I’d not heard of this before, but I’d love to explore it as a possible classroom activity. Do you have any resources on this? I’m also a fan of DIY projects with this stuff (and even having the students DIY if there is time), but if you have something as a launching point, that would be most appreciated!

2 Likes

I’d suggest it as DIY for both you and the students.

You can locate the head/tail boundary easily by aligning the protein sequences two myosins of different classes, like a muscle (II) and a V (my speciality). It’s the N-terminal ~900 residues for most. Some have N-terminal doodads that will change that.

Using head domains goes very deep and has been used as a tool:

Richards, T. A. & Cavalier-Smith, T. Myosin domain evolution and the primary divergence of eukaryotes. Nature 436(7054):1113-8

Then, if you want to go into the tails of a particular group, I’d suggest my beloved myosin-V family. It has 3 members in vertebrate genomes.

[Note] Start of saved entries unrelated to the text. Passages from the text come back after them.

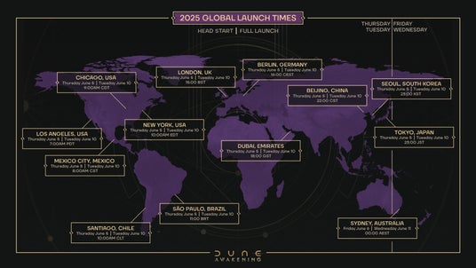 世界各地におけるローンチ時刻も正式に公開されました。デラックス版またはアルティメット版をご購入いただいた方は、6月5日(木) 23:00より先行プレイが可能です。そして、正式リリースは6月10日(火) 23:00になります。Steamで予約購入をしたすべてのプレイヤーは、先行プレイの24時間前から『Dune: Awakening』の事前ダウンロードが可能です。スパイスが世界のプレイヤーを魅了する日がついに訪れます。
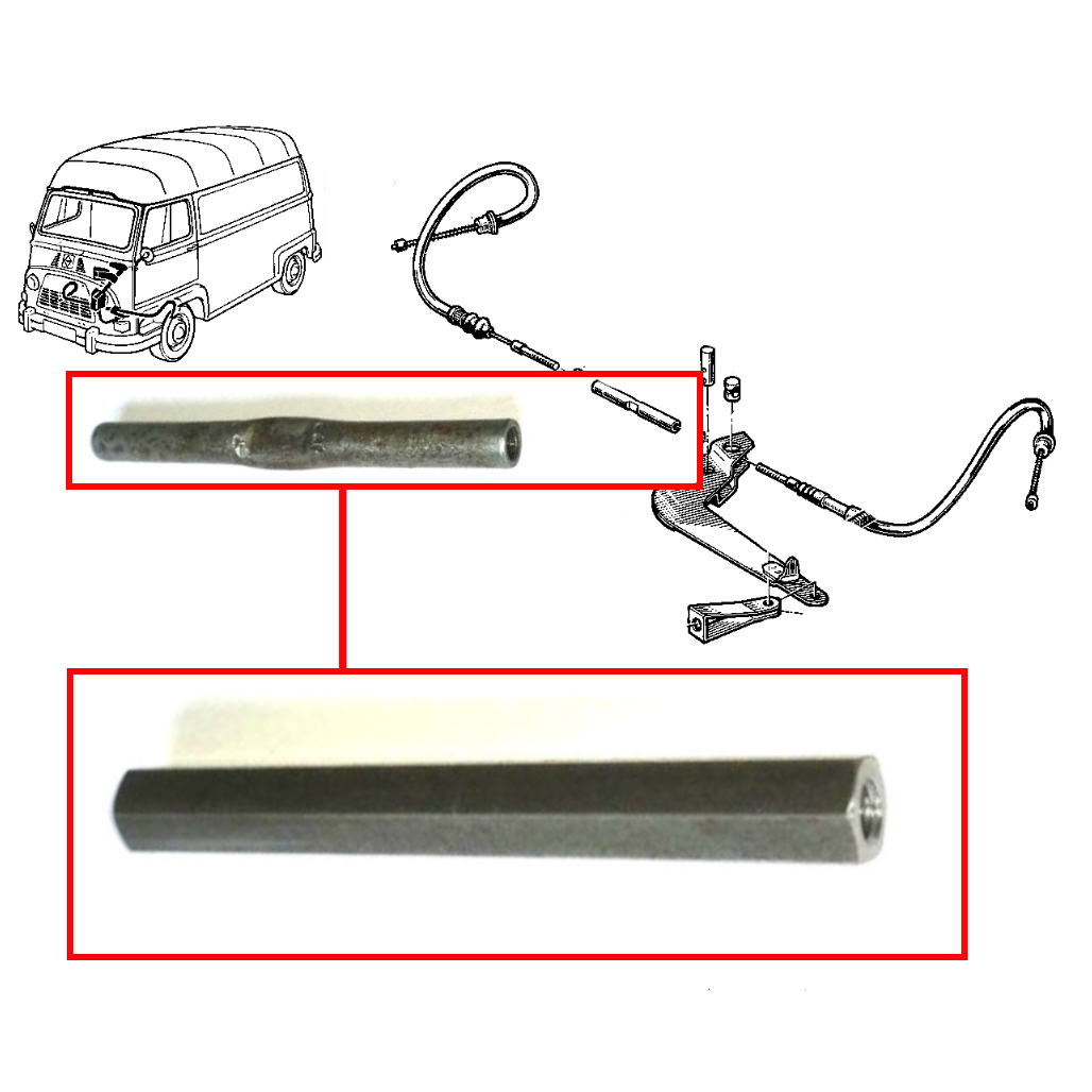 Manchon de réglage de Renault Estafette entre les deux câbles de frein à main secondaire.
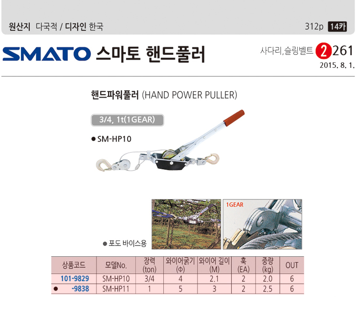 [½º¸¶Åä] ÇÚµåÇ®·¯/ÇÚµå ÆÄ¿ö Ç®·¯(SM-HP11, 1TON, 1Gear, Æ÷µµ¹ç ¹ÙÀ̾¿ë)(Hand Power Puller)
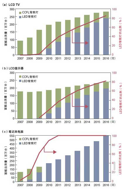 顯示器用的液晶面板與液晶電視面板一樣,從2009年下半年開始全面采用LED背照燈。但LCD顯示器市場對價格非常敏感,考慮到LED與CCFL背照燈的價差,許多觀點都認為顯示器市場的普及會遲于液晶電視市場。
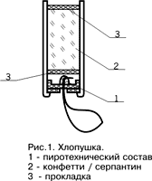 Корпуса хлопушек изготавливаются из бумаги или пластмассы в виде цилиндра, конуса, бутылочки, конфеты и т.п. При рывке за шнурок хлопушки рис.1,
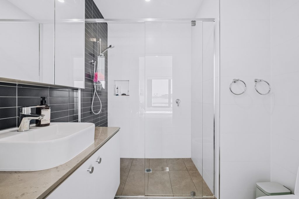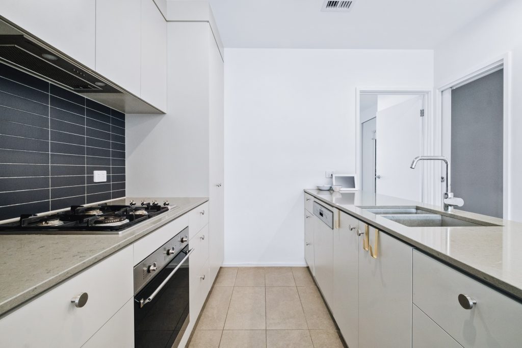 The home features a spacious open-plan kitchen complete with stone benchtops, tiled splashback, and quality stainless-steel appliances. Flowing seamlessly into the light-filled living and dining area, the space is enhanced by a desirable northerly aspect and direct access to a sunny balcony – ideal for outdoor dining, relaxing with a book, or soaking up the sunshine. A conveniently located powder room is also positioned off the dining area for added functionality.
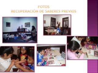 Este documento presenta una lección de 120 minutos sobre el Retablo Ayacuchano para estudiantes de primaria. La lección busca que los estudiantes identifiquen la función de las representaciones en el Retablo como registro de costumbres y su importancia patrimonial. La secuencia didáctica incluye una explicación sobre el Retablo, identificación de sus elementos visuales y la creación de un Retablo propio por los estudiantes aplicando los nuevos conocimientos.
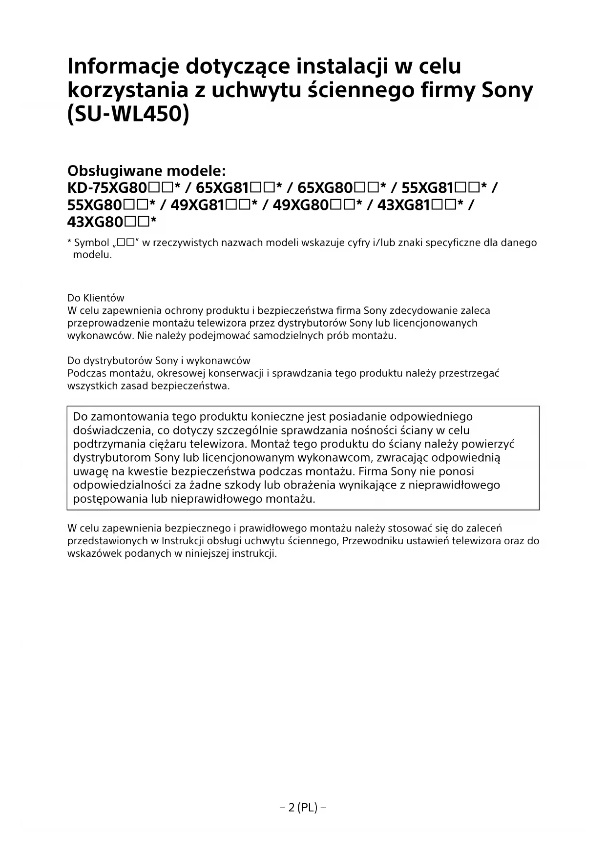 - Symbol „” w rzeczywistych nazwach modeli wskazuje cyfry i/lub znaki specyficzne dla danego modelu. Do Klientów W celu zapewnienia ochrony produktu i bezpieczeństwa firma Sony zdecydowanie zaleca przeprowadzenie montażu telewizora przez dystrybutorów Sony lub licencjonowanych wykonawców. Nie należy podejmować samodzielnych prób montażu. Do dystrybutorów Sony i wykonawców Podczas montażu, okresowej konserwacji i sprawdzania tego produktu należy przestrzegać wszystkich zasad bezpieczeństwa. Do zamontowania tego produktu konieczne jest posiadanie odpowiedniego doświadczenia, co dotyczy szczególnie sprawdzania nośności ściany w celu podtrzymania ciężaru telewizora. Montaż tego produktu do ściany należy powierzyć dystrybutorom Sony lub licencjonowanym wykonawcom, zwracając odpowiednią uwagę na kwestie bezpieczeństwa podczas montażu. Firma Sony nie ponosi odpowiedzialności za żadne szkody lub obrażenia wynikające z nieprawidłowego postępowania lub nieprawidłowego montażu. W celu zapewnienia bezpiecznego i prawidłowego montażu należy stosować się do zaleceń przedstawionych w Instrukcji obsługi uchwytu ściennego, Przewodniku ustawień telewizora oraz do wskazówek podanych w niniejszej instrukcji.− 3 (PL) −

If you need some help, maybe we should go through the alignments in public on a new thread and others can play along…

3 Likes

Another good analogy would be telescopes. Some telescopes are great for focusing in on single galaxies, but there is still a lot of information that we can gather from telescopes that have a large field of view but lower resolution. Different tools have different resolution, and the pictures they gather are used to put the larger collage together. No single paper using a single telescope is going to give us all the answers.

Because I am a science geek, the Large Synpoptic Survey Telescope and the James Webb telescope are the two upcoming telescopes to get excited about. They also fit neatly into the wide field of view v. high resolution analogy.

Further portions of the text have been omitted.